Given an absolute path for a file (Unix-style), simplify it.
For example,
path = "/home/", => "/home"
path = "/a/./b/../../c/", => "/c"
Corner Cases:
- Did you consider the case where path =
"/../"?
In this case, you should return"/". - Another corner case is the path might contain multiple slashes
'/'together, such as"/home//foo/".
In this case, you should ignore redundant slashes and return"/home/foo".
/.表示本級目錄,比如/a/.相當於/a, /..表示返回上級目錄,比如/a/../b相當於/b, 這題暗含的條件是多於兩個點的是文件名稱,比如/...a相當於/...a。
這題用兩個棧來保持輸入和輸出順序一致,也可以用一個LinkedList來做,下次寫注意下。

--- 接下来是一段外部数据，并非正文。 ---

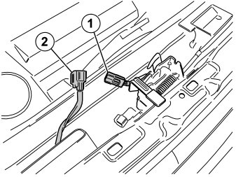 - Plug the bonnet catch's connector (1) into the pre-routed connector (2).

活用split功能,s.split("/")按照斜槓拆分字符串,假如有多個//相連,也會進行拆分,拆分結果是字符數組中存在很多空串。
Source
public class Solution {
public String simplifyPath(String path) {
Stack<String> stack1 = new Stack<String>();
String[] str = path.split("/");
for(int i = 0; i < str.length; i++){
if(str[i].equals(".") || str[i].length() == 0)
continue;
else if(str[i].equals("..")){
if(!stack1.isEmpty())
stack1.pop();
}
else{
stack1.push(str[i]);
}
}
StringBuffer a = new StringBuffer();
Stack<String> stack2 = new Stack<String>();
while(!stack1.isEmpty()){
stack2.push(stack1.pop());
}
while(!stack2.isEmpty()){
a.append("/" + stack2.pop());
}
if(a.length() == 0) a.append("/");
return a.toString();
}
}Test
public static void main(String[] args){
String path = "/a/./b/../../c/";
System.out.println(new Solution().simplifyPath(path));
}